Do Bad Programmers Know About Technical Debt?

by Krishna on October 16, 2009

In short, no.

But why am I asking the question in the first place?

Well, much discussion in the technical blogs (such as the NOOP.NL Top 200) is centered around the idea about whether a mediocre programmer will land on a blog where somebody is talking about adopting a simpler approach to programming and then use that idea to stop improving himself and continue writing bad code.

It is a useless subject to argue about because bad programmers do not haunt technical blogs. This is how such a person works:

  1. Come in at 9 am or whatever time you are supposed to come in.
  2. Find out what task to do.
  3. Is the task something that looks familiar? If so, go to Step 7.
  4. Interrupt someone in the office. Do they know the answer? If so, go to Step 7.
  5. Google for the answer. Is there anything there that works? If so, go to Step 7.
  6. Complain to the project manager that the task cannot be done and get something that can be done.
  7. Do the task.
  8. Is it time to leave? If so, go to Step 11.
  9. Is there any other task? If so, go to Step 3
  10. Kill time until it is time to leave.
  11. Leave.
  12. Enjoy the rest of the day.

What they don’t do is spend time visiting technical websites or blogs unless they happen to be landing on them via Google. And those Google visits are only for the purpose of finding some code that works. And issues like intellectual property rights be thrown to the winds.

So let us be clear about the audience when we are arguing about technical debt. We are having an argument among people who know how to write good code and how to test it properly.

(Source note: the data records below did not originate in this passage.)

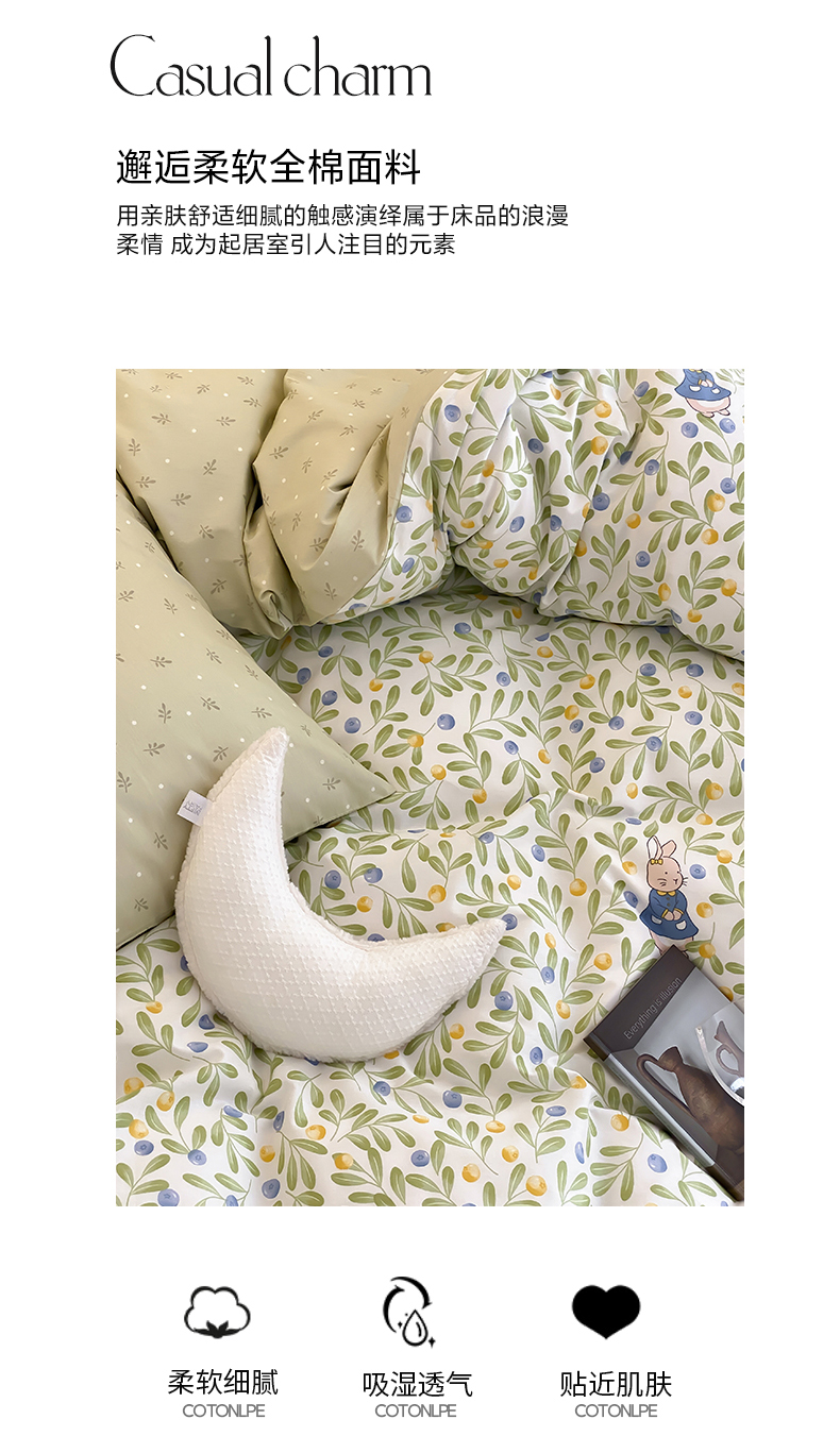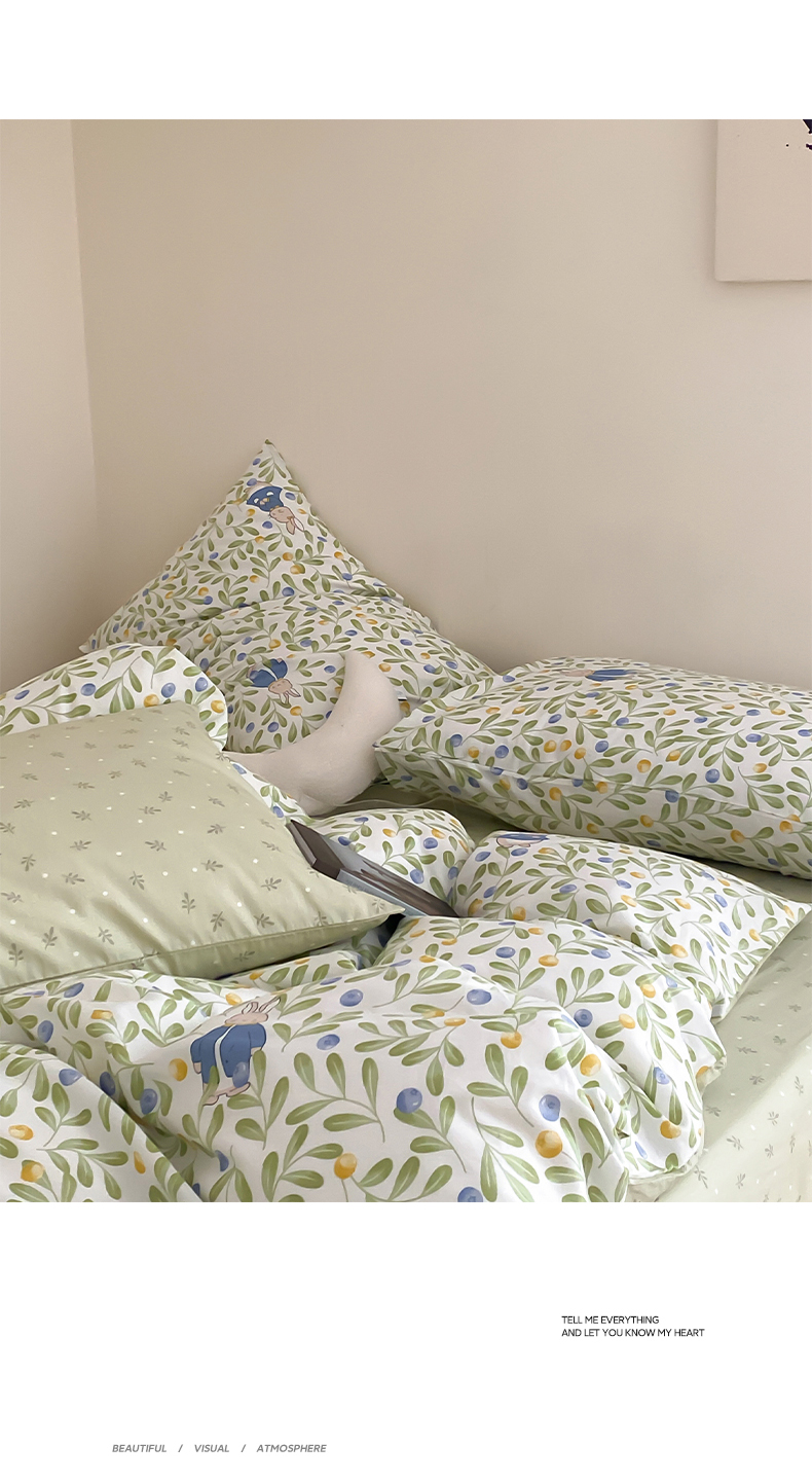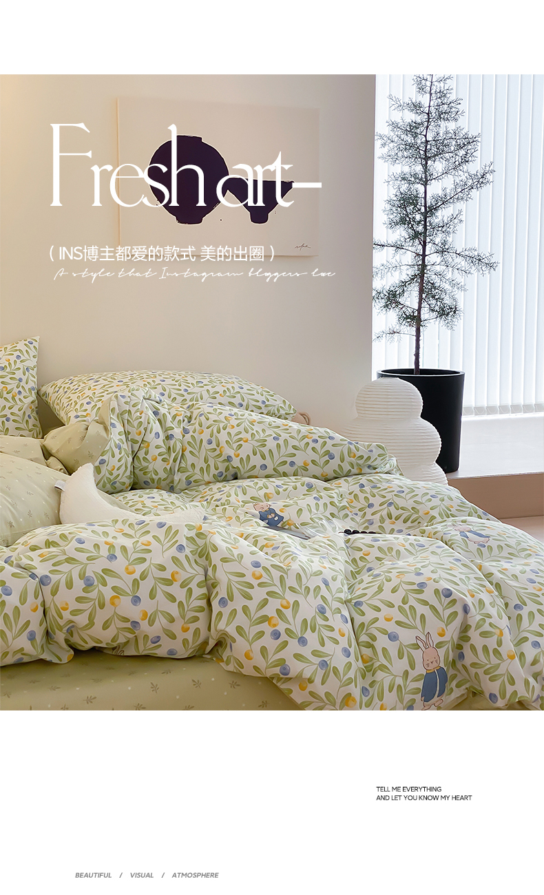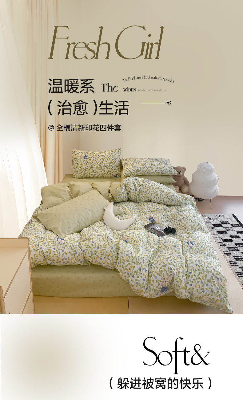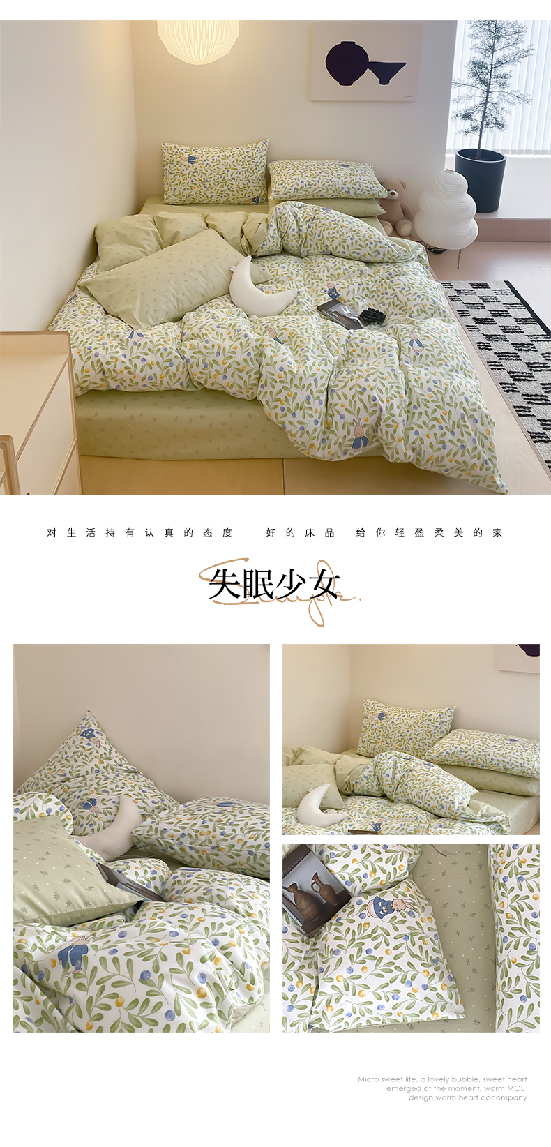 宜家坊 2024新款全棉喷气13070小清新印花四件套-拍摄一 失眠少女
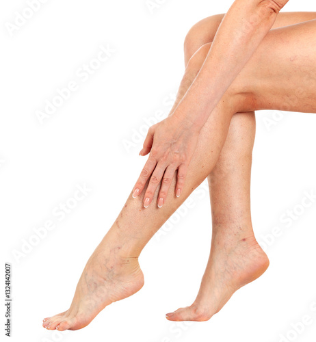 foot, vein, care, skin, woman, isolated, leg, varicose, vascular, bare, barefoot beach, beautiful, beauty, body, chiropody, closeup, foot, female, finger, girl, health, heel, human, lady, leg, mature, nail, naked, old, pedicure, people, person, senior, shoe, spa, star, background, chronic, disease, health care, limb, age, adult, hand, arm, touch, treatment, manicure, healthy
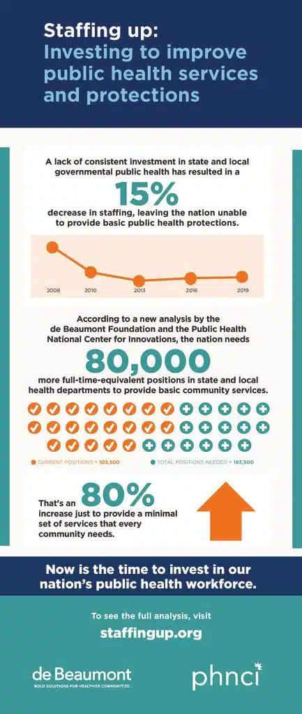 “This estimate is an important starting point for the national discussion we need to have about the value of public health, prevention, and preparedness,” said Brian C. Castrucci, DrPH, president and CEO of the de Beaumont Foundation. “Increasing the workforce by approximately 80% is a relatively small investment to ensure that every community has basic public health services.”
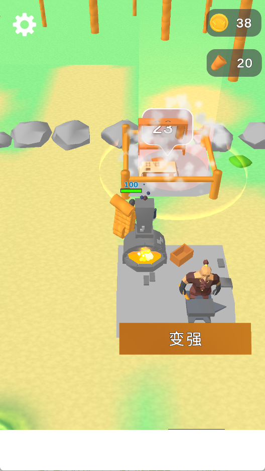 1、砍伐树木:滑动屏幕控制斧头轨迹或点击控制伐木节奏,根据树木特性,精准操作避开树枝,砍倒不同种类的树木获取木材。

Some of them use a few more tools and a little more process than the rest, who are constrained either by their lack of knowledge, awareness or business situation to imitate them. No one among this crowd is writing bad code, as in copy-and-paste coding or bad variable names.

Therefore what we are really discussing about and what needs to be answered by people are:

  1. You are a good developer who gets things done without Process X or Tool Y.
  2. How much beneficial for you would it be to use X or Y?
  3. How much time, effort and money do you need to invest for using X or Y to get started in and then be proficient?
  4. What is the return on investment if you use X or Y?
  5. Let’s understand if X or Y makes sense in your situation, including timelines, budgets, technical environment.

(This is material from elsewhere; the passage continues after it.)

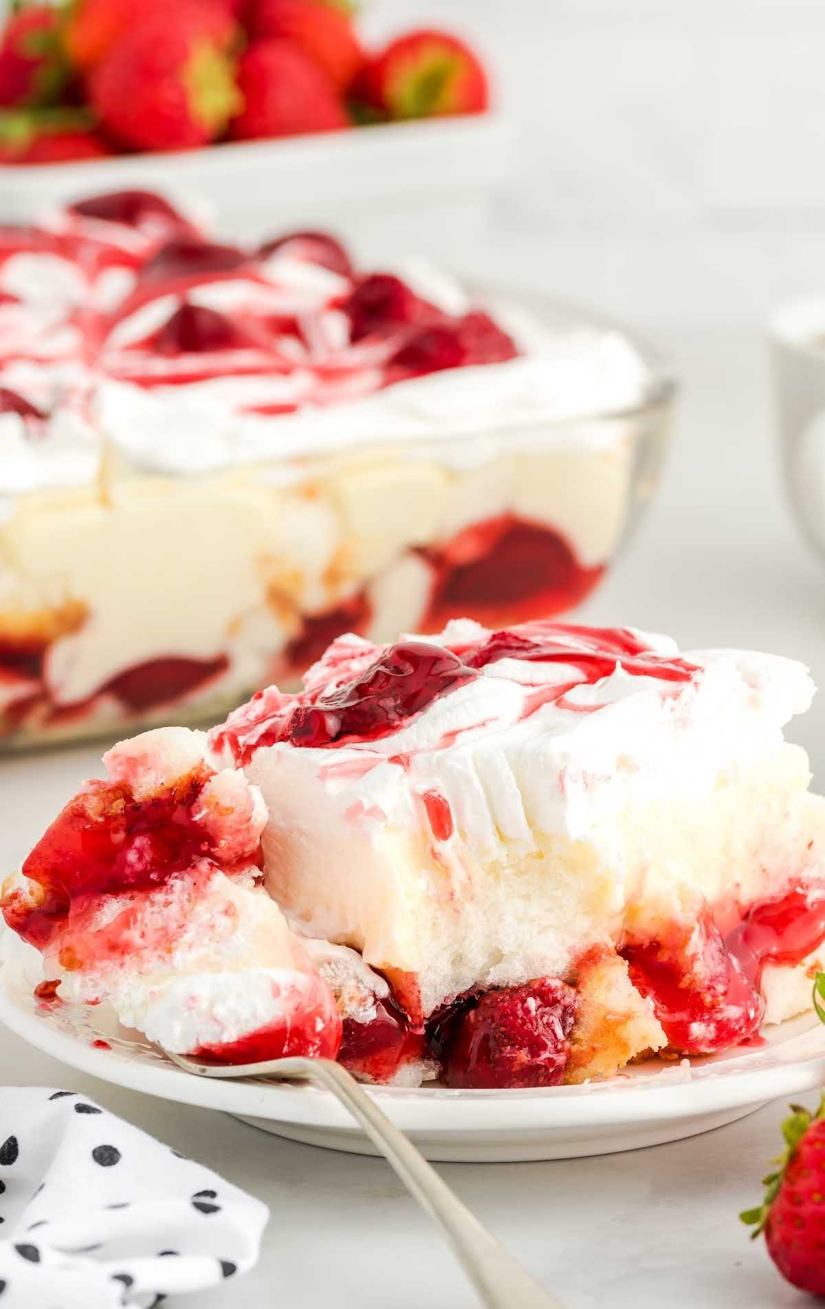 This ethereal dessert features layers of airy angel food cake, luscious strawberry pie filling, and a rich vanilla custard, all finished with a cloud of whipped topping. It is a refrigerator-style icebox cake that relies on an extended chilling period to meld the flavors and soften the cake into a decadent, pudding-like consistency.
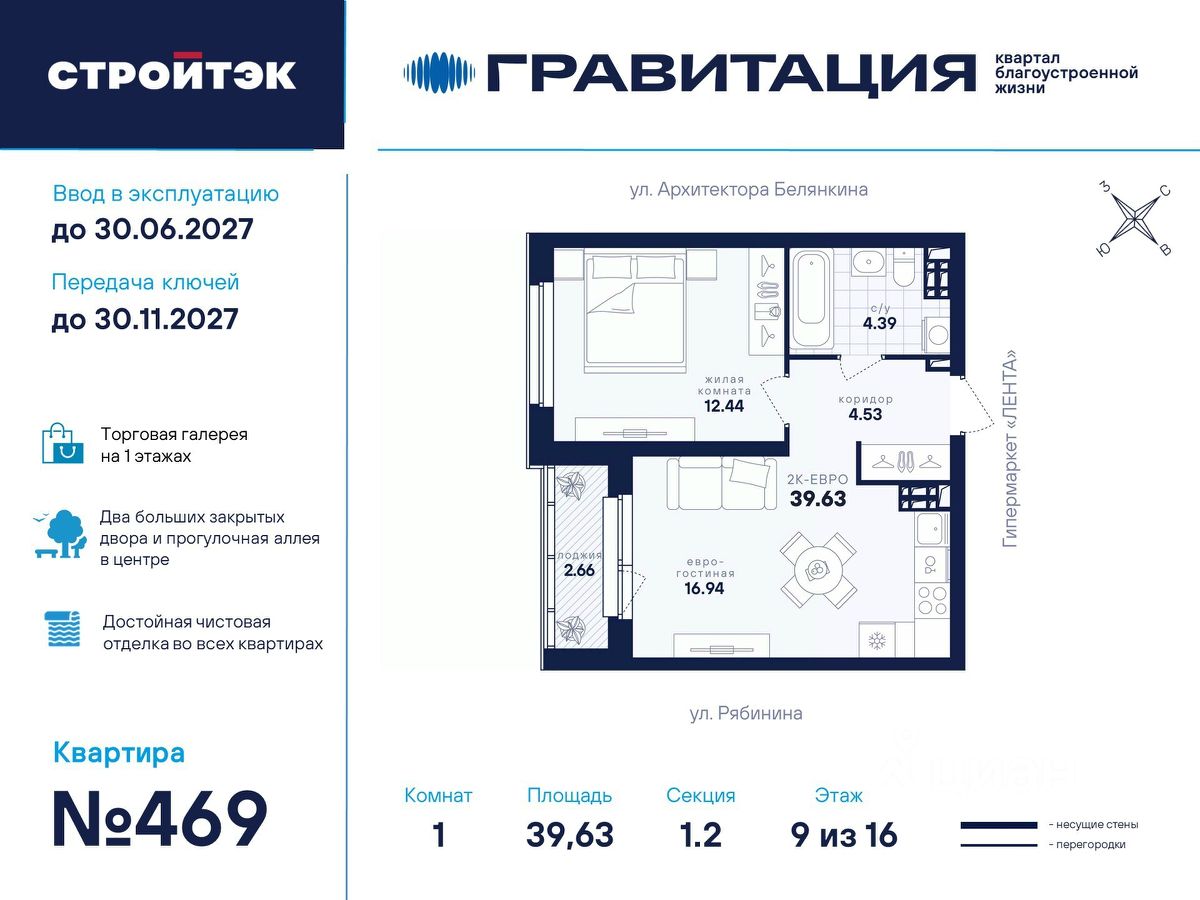 Удачные решения Новый квартал благоустроенной жизни "Гравитация" мы разместили в периметре улиц Рябинина и Академика Ландау. У квартала 5 этапов строительства, а всю работу мы завершим к 2030 году. Авторы проекта гармонично совместили в оформлении природные элементы и современный дизайн. Волнообразные очертания на стенах вдохновлены силой ветра и движением воды. Скруглённые углы подчеркивают элегантный силуэт, а контрастная палитра акцентов и контурная подсветка верхних этажей создают выразительный архитектурный образ. Первый этап строительства: — Секция 1.1 — 1 подъезд 26 этажей — Секция 1.2 — 2 подъезда 16 этажей — Секция 1.3 — 1 подъезд 12 этажей Здесь всё и сразу Гравитация — уютный и обособленный, и в то же время открытый и просторный квартал. Всё рядом: супермаркеты и парки, кино и рестораны, школы и сады. В нескольких шагах набережная реки Патрушихи. В квартале построят муниципальный детский сад на 200 мест, а на 5 этапе строительства мы возведём 6-уровневый надземный паркинг на 250 машин. На первых этажах домов для вас будет работать торговая галерея с магазинами, кафе и привычными бытовыми сервисами. В 1 этапе строительства 631 квартира. Своя вселенная Развитый Академический район удобен и молодым семьям, и школьникам, и состоявшимся профессионалам. Рядом большой Преображенский парк с озером и Юго-Западный лесопарк с Тропой здоровья. — 3 минуты до Гипер Ленты — 10 минут на машине до ТРЦ "Академический", 15 минут до ЕКАД, 25 до центра — 6 школ и 6 детских садов — Спортивные комплексы и клубы Wake up, Bright Fit и Юность Богатые возможности В квартале два просторных закрытых двора общей площадью 1,4 гектара. Один двор объединяет 1 и 2 этапы строительства, другой — 3, 4 и 5 этапы. Между дворами — камерная прогулочная аллея для неспешных вечеров или полуденного отдыха. Во дворе первого этапа — зелёные участки из хвойных деревьев, акцентных кустарников и травянистых многолетников, а также сеть дорожек, детская площадка с песочницей, аттракционами и геопластикой, настольный теннис и зона для зарядки. А для комфорта и безопасности — вечернее освещение, охрана и постоянное видеонаблюдение. Пространство с заботой В просторных светлых лобби Гравитации — интеллигентный дизайн, помещения для колясок, высокие витражи и комфортная мебель. Выходы сквозные, на улицу и во двор. Лифты грузоподъёмностью 1000 и 450 кг. Мы подготовили для вас 44 уникальных варианта продуманных планировок, в том числе с кухнями-гостиными, гардеробными и мастер-спальнями. Здесь нет бесполезных зон, зато есть где посидеть в семейном кругу и разместить всё для удобства и комфорта. Современные технологии Мы позаботились о достойной чистовой отделке, чтобы вы могли уделить время главному. — Виниловые обои на флизелиновой основе, окрашенные стены в санузлах и на лоджиях — Натяжные потолки везде, кроме лоджий, там — окрашенные — Прочный влагостойкий ламинат и керамическая плитка — Межкомнатные двери светлых тонов и сейф-дверь на входе — Эргономичное размещение розеток и выключателей

There are literally thousands of programming tools, techniques and processes out there, all claiming to increase productivity. So whatever the “best thing” you are promoting is, you have to justify it in these terms to the good programmers. And someone who cannot justify that is simply selling snake oil.

As for the other programmers, they are out there enjoying the day and definitely not dreaming in code.

{ 2 comments }

Craig October 18, 2009 at 6:06 pm

Krishna

While I take your point about the majority of blog readers being ‘advanced practitioners’ there are two fairly large exceptions to your thinking;

The first is people who are new to the idea of self directed learning and blogs. These people were not reading blogs, and did not have an rss feed last month or last year, but they are now adopting the technology and starting to get value from it.

The second is team members who for example scan their blogs and rss feeds and email content to their teams or otherwise share the content .

A personal example of the second category is my team, who hold a weekly lunch-time talk on a topic they have spotted out there somewhere on the internet.

Often blog posts form the skeleton of one of these talks, and thus the content reaches beyond the blog readers and into the rest of the team also.

Krishna October 18, 2009 at 8:56 pm

Craig, I agree about the 2 groups, though I have a sense that at least the first group is more oriented towards “doing”, i.e., they are looking to learn how to do something. I don’t think people read Joel Spolsky and decide that they want to stop learning things because they are too complicated. People who display the initiative to learn are less inclined to reject something out of hand. That is just my impression, though.